However, super-resolution reconstruction network based on progressive upsampling increases the reconstruction error. To solve this problem, we propose a progressive back-projection network (PBPN) for COVID-CT super-resolution. In PBPN, we design up-projection and down-projection residual modules (UD) and construct residual attention modules (RA). PBPN is divided into two stages. Each stage is composed of three parts: back-projection, deep feature extraction and upscaling. In each stage, the operation of back-projection is implemented by UD modules, which consist of improved up-projection, improved down-projection and feature fusion layers; the operation of deep feature extraction is implemented by RA modules, which consist of residual attention blocks (RAB); the operation of upscaling is implemented by sub-pixel convolutional layer. In the process of several upsampling of LR image features, the proposed PBPN improves the performance of COVID-CT super-resolution reconstruction by back-projection and deep feature extraction.

2. Methods

In this paper, we propose a progressive back-projection network (PBPN). The architect of PBPN is shown in Fig. 1 . We can find that PBPN mainly consists of four up-projection and down-projection residual (UD) modules and four residual attention (RA) modules. The details of PBPN are as follows.

2.1. Improved up-projection block and improved down-projection block

Recently, Haris [19] proposed an up-projection block and a down-projection block, which reduce the reconstruction error by iterative error-correcting feedback mechanism. The structures of up-projection block and down-projection block are shown in Fig. 2 . From Fig. 2, we can find that the up-projection block consists of two deconvolutional layers and a convolutional layer by residual connection; the structure of down-projection is similar to up-projection. The up-projection block and down-projection block use 6 × 6kernel size. And the input channel and output channel of convolutional layer and deconvolutional layer are 64.

Fig. 2 — The structure of up-projection block and down-projection block.

However, since the larger convolutional kernel has more parameters, the operation of up-projection block and down-projection block is complicated.
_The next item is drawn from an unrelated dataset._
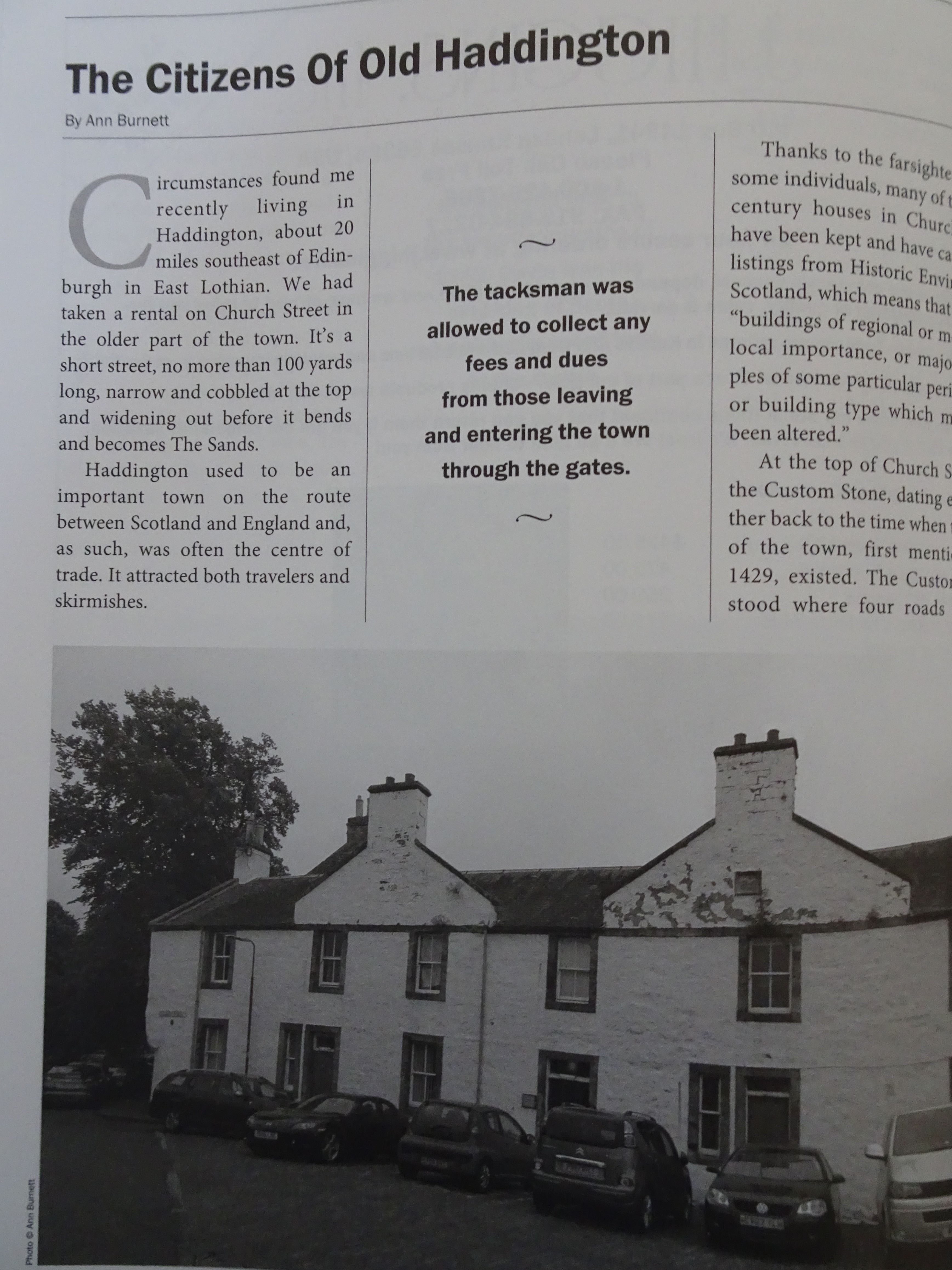 So far this year, they have published two of mine, both on the town of Haddington; one about Bruce’s Charter which he gave to the town in 1318 and which is kept in the John Gray Centre in the town, and another on the street where we lived temporarily while waiting for our new home to be ready. There aren’t many streets that can claim to have a Custom Stone at one end and the site of a battle at the other with John Knox’s school in the middle for good measure!

The up-projection block and down-projection block don't fuse the features of adjacent convolutional layers. To solve this problem, we design an improved up-projection block and an improved down-projection block. The structures of improved up-projection block and improved down-projection block are shown in Fig. 3 . We add a 64-dimensional feature fusion layer (64-FFL) and a 128-dimensional feature fusion layer (128-FFL) in up-projection block and down-projection block. The improved up-projection block and improved down-projection block use4 × 4kernel size instead of 6 × 6kernel size. We set the input channel/output channel of convolutional layer and deconvolutional layer to 128/64 and 64/128, respectively. The 64-dimensional feature fusion layer and 128-dimensional feature fusion layer use 1 × 1kernel size. We set the input channel/output channel of 64-dimensional feature fusion layer and 128-dimensional feature fusion layer to 64/64 and 128/128, respectively.

Fig. 3 — The structure of improved up-projection block and improved down-projection block. 64-FFL denotes 64-dimensional feature fusion layer. 128-FFL denotes 128-dimensional feature fusion layer.

2.2. Up-projection and down-projection residual module

Up-projection and down-projection residual module (UD) consists of an improved up-projection block and an improved down-projection block by residual connection. Improved up-projection consists of feature upsampling, feature downsampling and residual upsampling. Improved down-projection is similar to the up-projection, which is composed of feature downsampling, feature upsampling, and residual downsampling. The up-projection and down-projection residual module is defined as follows:

improved up - projection feature upsampling : H_{0}^{t} = (L^{t - 1} * p_{t}) ↑^{s}

(1)

improved up - projection feature downsampling : L_{0}^{t} = (H_{0}^{t} * g_{t}) ↓_{s}

(2)

improved up - projectionresidual : e_{l}^{t} = L_{0}^{t} - (L^{t - 1} * q_{t})

(3)

improved up - projectionresidual upsampling : H_{1}^{t} = (e_{l}^{t} * p_{t}) ↑^{s}

(4)

the output of improved up - projection : H_{2}^{t} = (H_{0}^{t} * k_{t}) + H_{1}^{t}

(5)

\begin{matrix} improved down - projection feature downsampling : \\ L_{1}^{t} = (H_{2}^{t} * g_{t}) ↓_{s} \end{matrix}

(6)

\begin{matrix} improved down - projection feature upsampling : \\ H_{3}^{t} = (L_{1}^{t} * p_{t}) ↑^{s} \end{matrix}

(7)

improved down - projection residual : e_{h}^{t} = H_{3}^{t} - (H_{2}^{t} * k_{t})

(8)

\begin{matrix} improved down - projectionresidual downsampling : \\ L_{2}^{t} = (e_{h}^{t} * g_{t}) ↓_{s} \end{matrix}

(9)

the output ofUD : L^{t} = L_{2}^{t} + (L_{1}^{t} * q_{t}) + L^{t - 1}

(10)

where*denotes the convolution operation. ↑^sand ↓_sdenote the upsampling operation and downsampling operation with scale factors, respectively. p_tdenotes the upsampling deconvolutional layer of the t-th UD. g_tdenotes the downsampling convolutional layer of the t-th UD. q_tdenotes 128-dimensional feature fusion layer of the t-th UD. k_t denotes 64-dimensional feature fusion layer of thet-th UD.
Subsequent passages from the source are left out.